December 8, 2025
Teachers face significant challenges regarding the assessment and grading of student writing, making it a tedious and time-consuming, yet critical, everyday task. Despite the large time investment, the feedback provided to students is often delayed and extremely heterogeneous.
Artificial Intelligence (AI) and Large Language Models (LLMs) have the potential to enhance teaching and learning processes, among others to enhance the quality and consistency of student assessments and reduce teacher burden. But how good are different types of LLMs in grading essays, when compared to human assessment?
In a recent study, a research team lead by TUM’s Chair for Human-Centered Technologies for Learning tested how well LLMs can grade real German student essays. Thirty-seven teachers from different school types rated 20 authentic essays on ten criteria. Instead of only giving a single overall grade, they asked the models to rate each text on ten separate criteria related to language (e.g., spelling, punctuation, expression) and content (e.g., plot logic, structure, introduction). Their ratings were then compared with those from several AI systems, including GPT-3.5, GPT-4, the o1 model, and two open-source models (LLaMA 3, Mixtral).

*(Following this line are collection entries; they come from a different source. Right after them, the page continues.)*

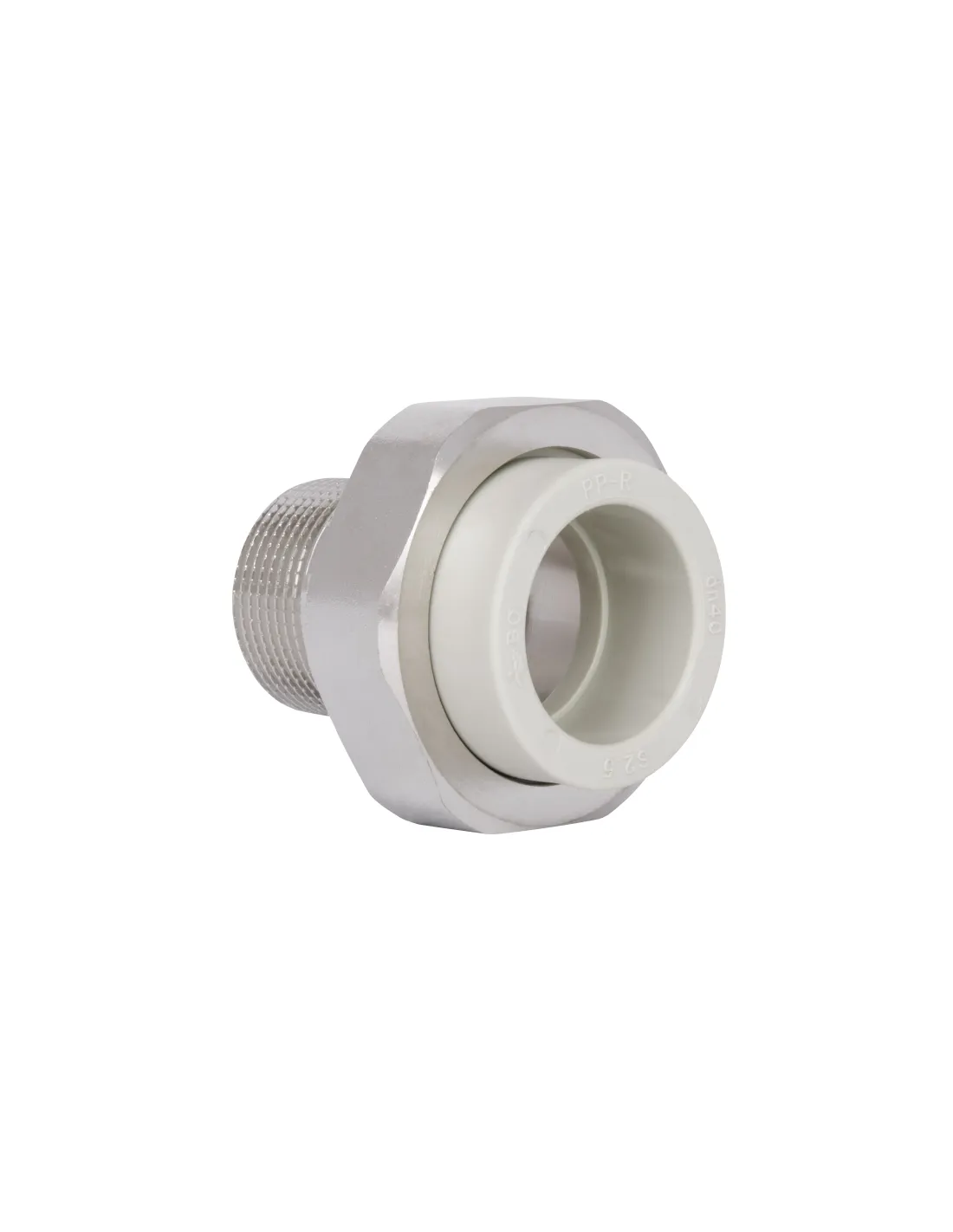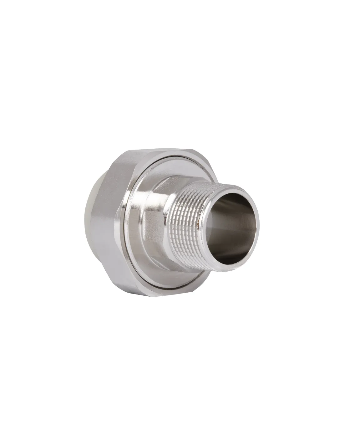 Фитинг выполнен из высокопрочного PPR PN20 и оснащен латунным резьбовым элементом с накидной гайкой. Такое сочетание материалов обеспечивает устойчивость к давлению до 20 бар, коррозии и химическому воздействию. Разборная конструкция упрощает техническое обслуживание системы.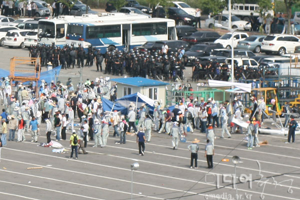 야만의 정글에서 무언들 치장해서 얘기하랴! ‘개도 밥그릇 건드리면 문다’고 했다. 어디 밥그릇만 빼앗은 것인가! 온통 퍼부어 대는 비난의 목소리들, 구사대와 용역, 이제는 경찰의 압박까지……. 착각했다. 관리자들은 정리해고에 저항해 봤자 며칠 못 버틸 것이라 생각했는가! 그래 대우차의 사례를 들먹이면서 준비한 것이 도장공장도 뺏긴 것인가, 공권력이 투입되면 금방 끝날 것이라 생각했을까? 과거의 노조 조직력을 생각했을 때 어차피 어울렁 더울렁 노사관계를 맺어온 과거처럼 갈 것이라 생각했을까?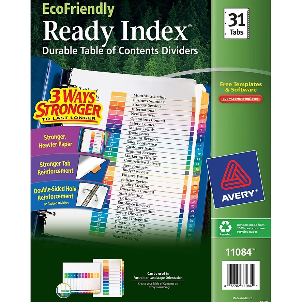Easily organize your binder and stay environmentally friendly with 1 set of Avery Ready Index Eco-Friendly of 31-Tab Binder Dividers. For the environmentally conscious organizer, these eco-friendly paper dividers are made from 100% post-consumer recycled paper. The Tab dividers’ packaging is even made from 50% recycled material. Create and print your own customized section titles and graphics onto the table of contents sheet. The multicolored binder dividers with tabs are preprinted and individually numbered 1-31 for easy organization. No extra tab inserts or labels are needed. Tearing your page dividers can ruin a once functional project binder. Luckily, these durable dividers for 3 ring binder are designed with heavy weighted paper. They also include reinforced extended tabs and double-sided hole reinforcement. Use your favorite binder with these 3 hole punch dividers. The table of contents sheet is compatible with both inkjet and laser printers. Use the tab dividers for school projects, professional binders, or a budget planner book.

You are a teacher. Analyze the essay written by a 13-year-old child according to the given criteria. Return a scalar number from 1 to 6 for each criteria. 1 means the criteria is not fulfilled at all, 6 means it is completely accomplished. Return only a JSON. ## Criteria = {criteria}; Essay = {text}; ## Rating =
Standardized zero-shot prompt employed across all
LLMs to ensure a fair comparison of their essay evaluation
performance.
Commercial systems like GPT-4 and especially o1 came closest to teacher judgments and were comparatively reliable. The open-source models, however, showed unstable and sometimes almost identical scores across different essays, making them currently unsuitable for real grading.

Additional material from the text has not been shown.